Atas nama pimpinan dan anggota DPRD Provinsi Gorontalo, jajaran Sekretariat DPRD, Pemerintah Provinsi Gorontalo, serta keluarga besar Korpri, Rifli menyampaikan belasungkawa kepada keluarga yang ditinggalkan.

Ia juga mengajak seluruh keluarga, rekan kerja dan pelayat untuk mengikhlaskan kepergian almarhumah.

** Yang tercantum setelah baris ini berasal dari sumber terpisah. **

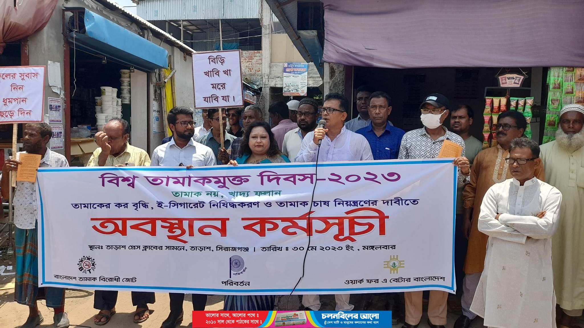 সিরাজগঞ্জের তাড়াশে বিশ্ব তামাকমুক্ত দিবস উপলক্ষে তামাকের কর বৃদ্ধি, ই-সিগারেট নিষিদ্ধকরণ ও তামাক চাষ নিয়ন্ত্রণের দাবিতে অবস্থান কর্মসূচি পালন করা হয়েছে। গতকাল মঙ্গলবার বেলা ১১ টার দিকে তাড়াশ প্রেসক্লাবের সামনে এ কর্মসূচি অনুষ্ঠিত হয়। তামাক মুক্ত দিবসের এবারের প্রতিপাদ্য বিষয় “ তামাক নয়, খাদ্য ফলান ”। ওয়ার্ক ফর এ বেটার বাংলাদেশ (ডবিøউবিবি) ট্রাস্টের সহযোগিতায় বেসরকারি উন্নয়ন সংস্থা পরিবর্তন তামাকের বিরুদ্ধে এ অবস্থান কর্মসূচির আয়োজন করে।

Permohonan maaf turut disampaikan apabila selama hidup Risnawati pernah melakukan kesalahan atau kekhilafan dalam menjalankan hubungan dengan keluarga, rekan kerja maupun masyarakat.

Rifli berharap seluruh amal ibadah almarhumah mendapatkan penerimaan dari Allah SWT dan segala kesalahan serta kekhilafannya memperoleh ampunan.

Sementara itu, pihak keluarga menyampaikan bahwa Risnawati meninggal setelah mengalami sakit. Keluarga berharap almarhumah memperoleh akhir kehidupan yang baik atau husnul khatimah.

Keluarga juga membuka ruang penyelesaian apabila masih terdapat urusan yang belum terselesaikan dengan almarhumah, termasuk persoalan utang-piutang.

Hal tersebut diharapkan dapat disampaikan kepada keluarga agar diselesaikan sesuai ketentuan agama dan hukum yang berlaku.

Prosesi pelepasan kemudian dilanjutkan dengan salat jenazah dan pengantaran almarhumah menuju tempat peristirahatan terakhir. (*)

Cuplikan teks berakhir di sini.